Elezioni amministrative
Una rivoluzione copernicana

Una sconfitta bruciante del Pdl, il clamoroso risultato del Movimento a 5 stelle di Grillo, la Lega che scompare (ma il «ribelle» Tosi a Verona è l'unico a vincere al primo turno), il tonfo del Terzo Polo e un Pd che regge ma non sfonda nelle grandi città.

Una sconfitta bruciante del Pdl; il clamoroso risultato del Movimento a 5 stelle di Beppe Grillo; la Lega che scompare (sebbene il «ribelle» Tosi a Verona sia l'unico a vincere al primo turno); il tonfo del Terzo Polo che paga lo scotto delle sue non scelte; un Pd che regge ma non sfonda nelle grandi città e tuttavia si proclama vincitore.

Sono le istantanee di questa giornata di voto amministrativo, con un'affluenza in calo di 7 punti pecentuali. Una rivoluzione copernicana della geografia politica, che certifica il collasso del sistema partitico e lambisce il governo che in qualche modo si indebolisce.

Monti andrà avanti con le sue ineludibili politiche di rigore, anche se a sostenerlo sono i partiti che oggi il voto penalizza, a tutto vantaggio del'exploit dei grillini. La via italiana non somiglia né all'antipolitica estrema greca, né al trionfo della gauche francese.

Da noi non è certo la destra estrema ad alzare la testa. Trionfano invece i «grillini», al ballottaggio in diversi comuni con percentuali a due cifre che ricordano quelle della Lega del '96. E sarebbe un errore oggi (come lo fu allora) tacciare come «antipolitica» tout court il dato eclatante del Movimento a 5 stelle, che drena voti a destra come a sinistra ed intercetta il sentimento di repulsione verso i partiti tradizionali.

Silvio Berlusconi (fino a ieri premier e leader del partito di maggioranza relativa) è lontano lontano, a Mosca da Putin. Per tutto il giorno la sede del partito resta emblematicamente chiusa e i colonnelli parlano in ordine sparso: chi per dire che si è sbagliato candidati, chi per affermare il contrario.

Solo a sera il segretario Angelino Alfano ammette il tonfo del partito, che va a sbattere nei 23 comuni dove si presenta da solo.
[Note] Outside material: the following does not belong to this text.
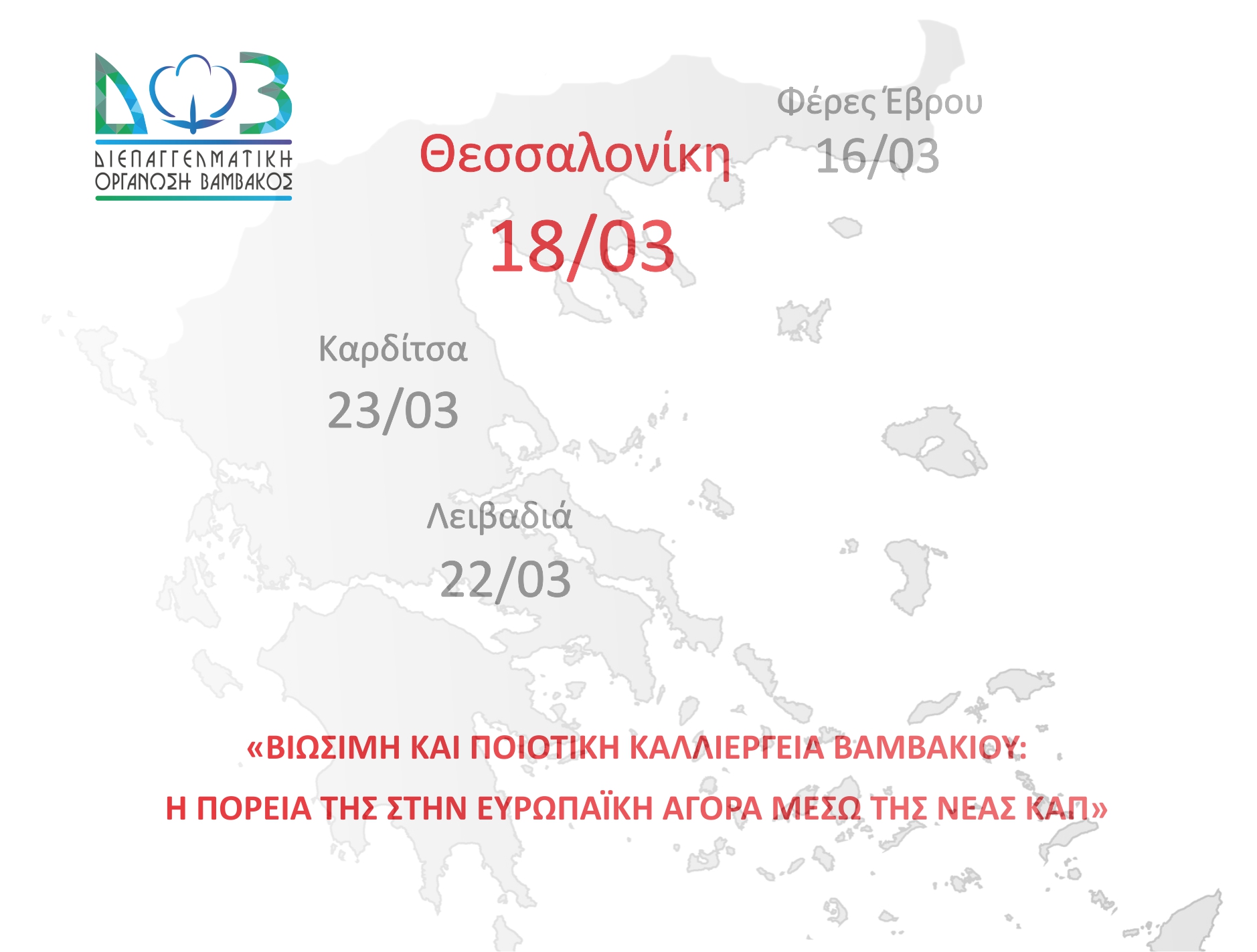 Συνεχίζονται οι ετήσιες εσπερίδες της ΔΟΒ, οι οποίες τιτλοφορούνται: «Βιώσιμη και ποιοτική καλλιέργεια βάμβακος: η πορεία της στην ευρωπαϊκή αγορά μέσω της νέας ΚΑΠ», στα πλαίσια των εκδηλώσεων της Διεπαγγελματικής για την προώθηση του ελληνικού βαμβακιού.
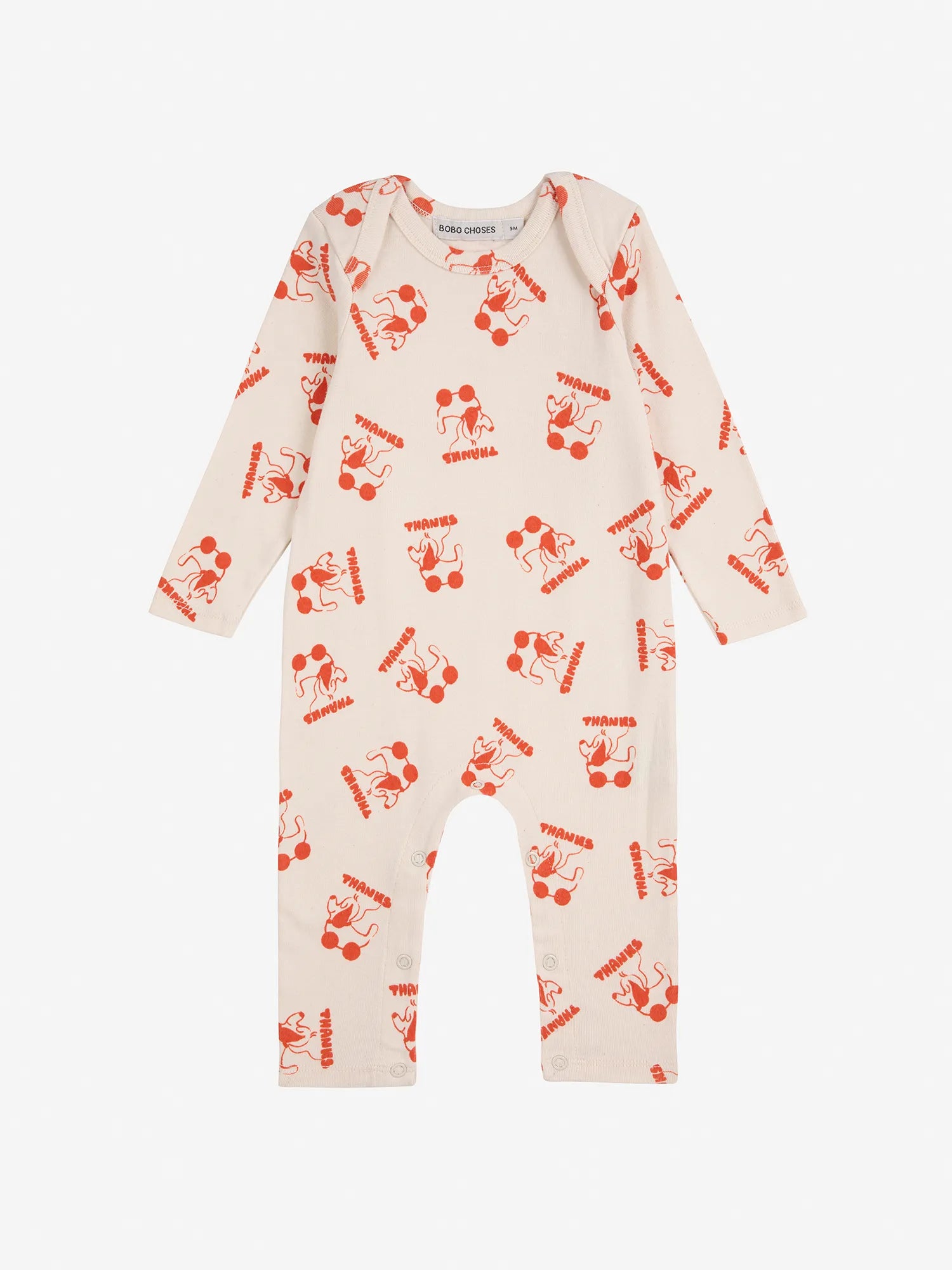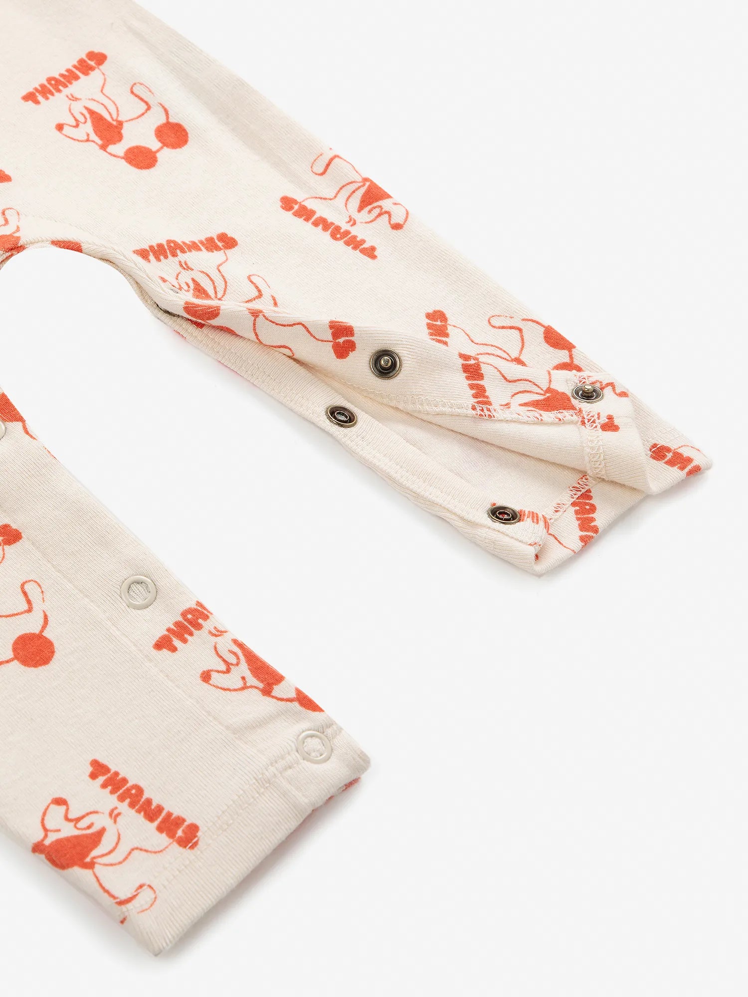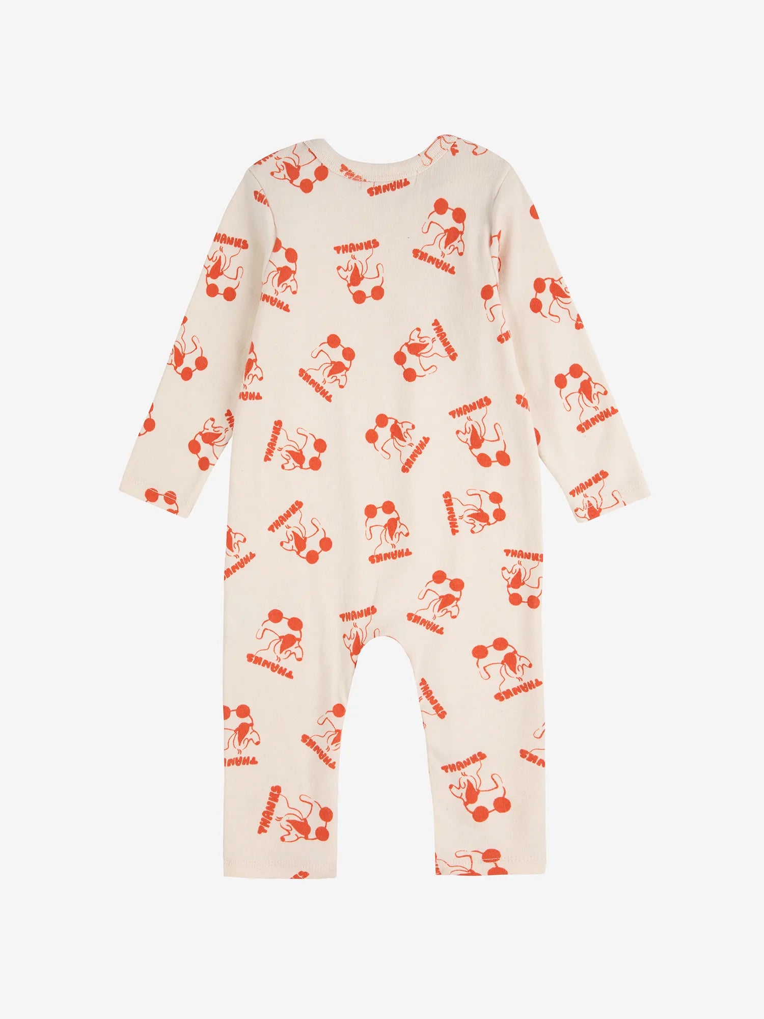 5% Elastane, 95% Organic Cotton Offwhite overall. Designed with long sleeves, crotch snap fastening, slim fit, ankle length and envelope neck. Made in Spain.

E che in una grande città come Palermo (dove aveva sindaco e 60% dei consensi) neppure arriva al ballottaggio. «Aspettiamo i dati definitivi - cerca di arginare Alfano - è stata una sconfitta ma non una catastrofe, paghiamo la responsabilità per il sostegno al governo Monti che non vogliamo far mancare, anche se non voteremo l'invotabile. E basta con i vertici ABC...».

Nel Pd gli umori complessivi sono buoni, ma Pier Luigi Bersani non può parlare di vittoria. Semmai di non sconfitta. «Non è vero che hanno perso tutti - dice il segretario -, noi siamo avanti ed è emerso un nettissimo rafforzamento del Pd e del centrosinistra in molte città italiane. Gli elettori hanno capito il nostro sostegno al governo e ci danno ragioni per rafforzarlo».

Nessun candidato di Bersani però vince al primo turno, si deve cedere il passo ai cugini dell'Idv (come a Palermo, dove il Pd va al ballottaggio ma Leoluca Orlando sfiora la vittoria con il 46%) o a candidati non iscritti al partito (come Marco Doria, che con la sua lista veleggia verso la vittoria a Genova).

Anche la Lega è ammaccata e tace Umberto Bossi, che perde persino nel suo comune, Cassano Magnago. La vittoria personale di Flavio Tosi - le cui liste furono oggetto dell'anatema del Senatur - viene vissuta nel Carroccio come «la prima vittoria congressuale di Roberto Maroni». E l'ex ministro è piuttosto esplicito sul futuro: «Dobbiamo ripartire da Verona...», chiosa.

Tace Palazzo Chigi: «Non si commentano gli andamenti delle elezioni amministrative». Ma di certo un voto come questo, oltre a rendere più difficile l'accordo su una legge elettorale proporzionale, ha tra i suoi effetti quello di non rafforzare il governo.

Nonostante il Pdl proclami il contrario, resta nel partito di Berlusconi la tentazione di sottrarre l'appoggio a Monti, andando al voto anticipato per non subire ancora di più alle politiche nel 2013 la ribellione degli elettori penalizzati. E tanto per iniziare, Alfano dice basta ai vertici con Bersani, Casini e Monti.